As I write this, I’m listening to the soothing sounds of the Seeburg 1000 background music streaming radio station. I can’t recommend it highly enough. All the way up to the top? Still not enough! You may think me a stern taskmaster, but I like to think of myself as a Howard Stern taskmaster. Tote that barge, Howard Stern! Lift that bail! And when you’re done, eat some taskmuenster. Yes, Taskmuenster—the indentured servitude cheese, preferred by 6 out of 3 servitudinal indentities. Your body needs calcium for strong bones and constipation for having an excuse not to tote that barge or lift that bail because you’ve been on the toilet for hours, trying to pass another death star through the sarlac pit. Just don’t sit on the toilet too long after you’re finished, or Boba Fett may go up in there. Boba Fett here being a metaphor for pin worms. I told you not to eat out of the sandbox, Cad Bane and Aurra Sing, or Boba Fett will go up in there. Oh well, c’est la vie. Brian Wilson kept a piano in his sandbox. Did you know that? I wonder if pin worms contributed to his first emotional breakdown or the second one that brought his SMiLE progress to a halt and deprived the world of one of what might have been the greatest record of the 1960s. What it didn’t deprive the world of was the Seeburg 1000 background music streaming station. Give it a listen and tell me in the comments what to think. You Robin Quivers taskmistress, you!

the video itself

C64 BurgerTime until my camera dies

video description, 2025-03-04

Welcome, ladies and gentlemen, to the world of BurgerTime, where you play the strapping young restaurateur, Jonathan BurgerTime, as he travels to a time when burgers roamed the earth, constructing a vast array of ladders in order to see over the heads of their schoolmates, who were held back several years and consequently much taller than the other meat patties in their grade. Witness the startling peppering of… Hey, I’m breaking the fourth wall right now to tell you that You Still Believe In Me from Pet Sounds is stuck in my head. The “I wanna cry” row-row-row-your-boat circular ending of that song is magnificent. Magnificent, I tell you. Alright. Go make a meat patty out of yourself and see over your own head. Meat Patty Hearst. “Oh hi, Ms. Hearst, it looks like you’re being kidnapped at the moment. Just let me know when you’re all-the-way kidnapped and can we resume this meating at your earliest inconvenience.”

the video itself

PacBilly's 2024 Yuletide Return to Dark Castle

video description, 2024-12-29

Last year’s video got 144 views, which isn’t remotely worth the agony of playing. Let’s see if we can get that number down to double digits this year, something that makes me even more apathetic about the state of things and prompts me to shut down the channel altogether. Come on, Trent. We can do this. All you have to do is not watch. Close your eyes or cover them with your hands or the hands of a loved one. Google watches you pleasure yourself anyway, so they’ll probably see your eyes are covered and deduct a view. Good riddance, view! And good riddance to this series and this channel.

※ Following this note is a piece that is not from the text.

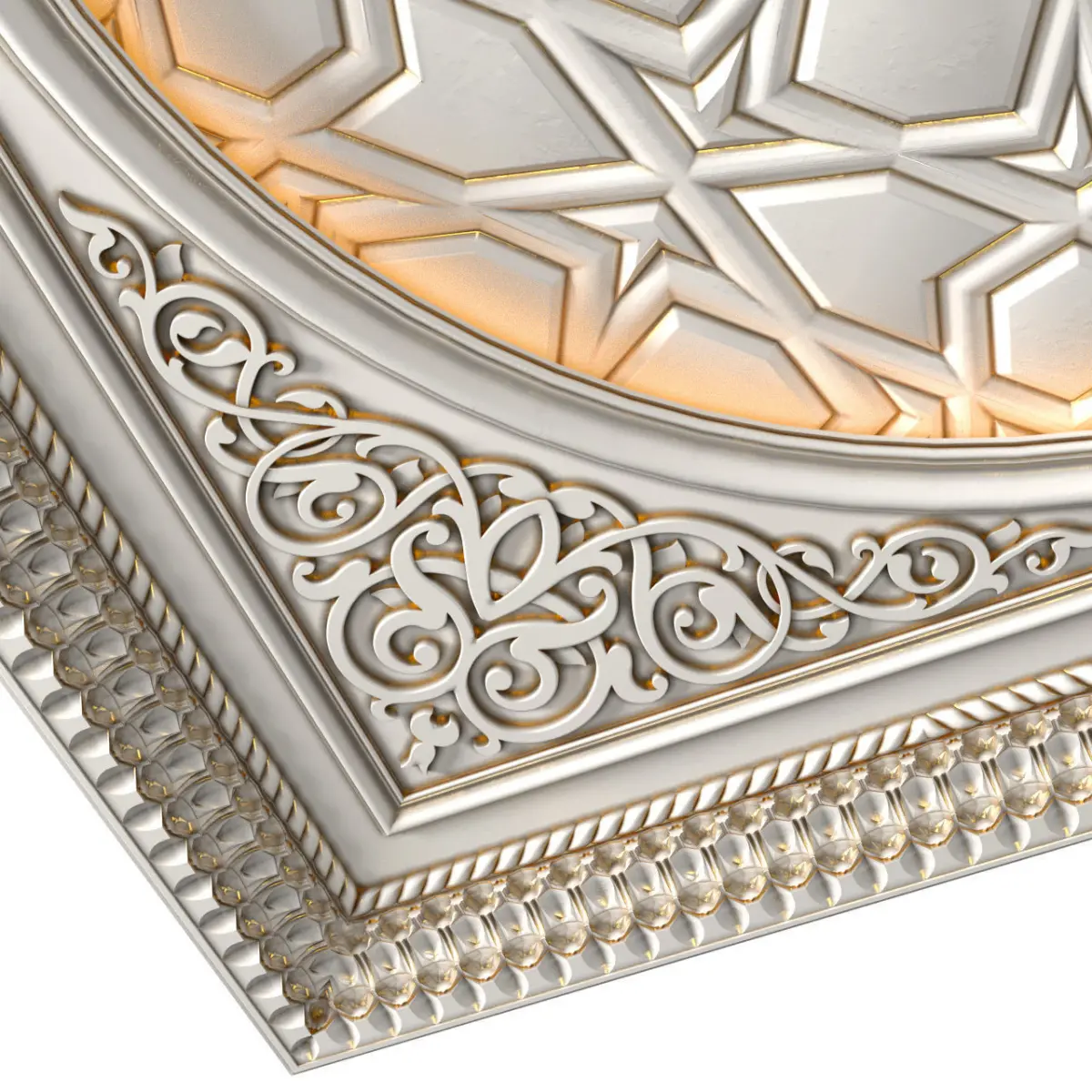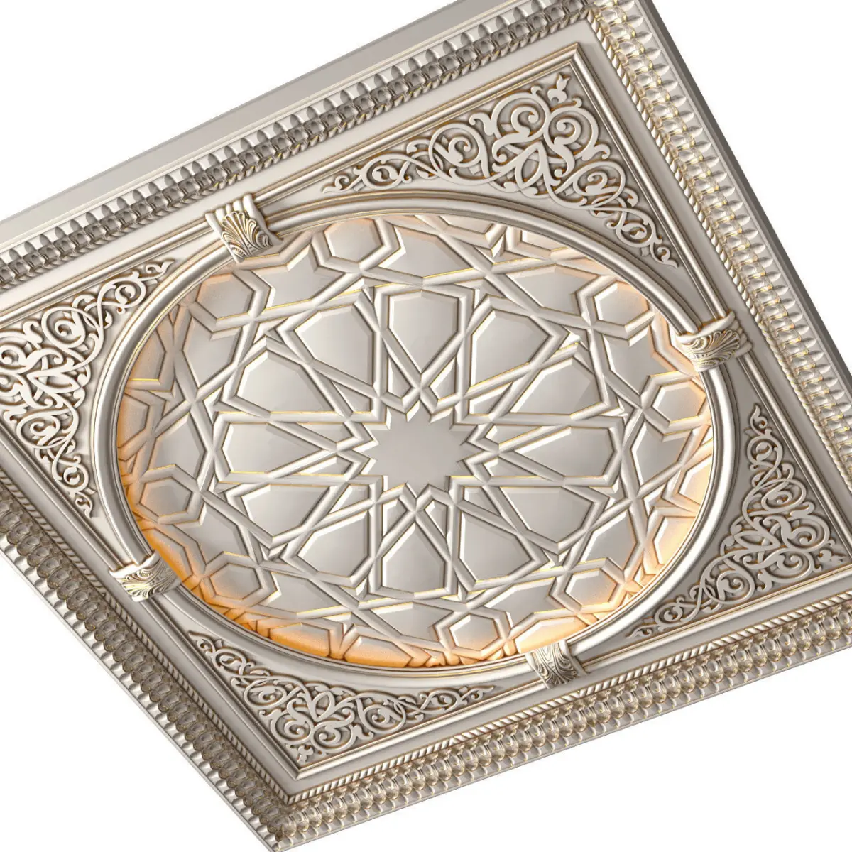 Oriental round white ceiling with gilded patina, lighting and stucco decorationArabic patternDecorative Arabic Ceiling coffers TileArabic Ceiling setCoffers CeilingOriental coffered illuminated ceilingIslamic

I’m only kidding. I would never do that to you, especially since you’ve been stricken with blindness. Self-inflicted, easily remedied hands-over-the-eyes blindness, but still.

the video itself

DracBilly's 2023 All Hallows Return to The Wrong Microphone

video description, 2023-10-31

Yes, I was using the microphone on my webcam, clear across town, rather than the mic I thought I was using, mere inches from my mouth. I don’t care whether you forgive me or not, frankly. I’m not sorry, and I’m not sorry for butchering your name, Mitch Crane. I butchered your name into tiny pieces, Mitch Crane, and now there are only two syllables left, to be divided amongst your name’s heirs.

Its son took the syllable Mitch and enjoys going on long walks on the beach and not having any legs for going on long walks on the beach. Its other son, the beach, took the syllable Crane and enjoys stealing its older brother’s legs lest he subject him to another walking-on. I mean a walk-on bit role in the latest episode of Columbo, where Peter Falk’s corpse says, “One more thing. You know, my wife loves murdering. Do you suppose she’s the murderer instead of you, who I plainly watched do it? Do you suppose that, the beach?! TELL ME.”

Yes, ladies and gentlemen, it was The Beach Crane, in the parlor with the lead pipe, wearing a blue sweatsuit provided by Adrian. Sweatsuits by Adrian, read the credits. Now go watch the documentary about Adrian. Seriously, there’s a documentary about Adrian of Gowns by Adrian fame. If only I had a mononym. If I was the older brother, my mononym could be Mitch. But woe and alas, I AM my older brother and it is Mitch.

the video itself

'22 All Hallows Return to Dark Castle revisited

video description, 2022-11-01

This time, Rupert, we’re sacking the Christmas thumbie. I’m sorry, Rupert, but Halloween thumbie just doesn’t have the right ring to it, so I’m going to insist we call it the Christmas thumbie. In point of fact, not being the Christmas thumbie was the very reason we’ve sacked it, Rupert. Rupert, are you listening to me?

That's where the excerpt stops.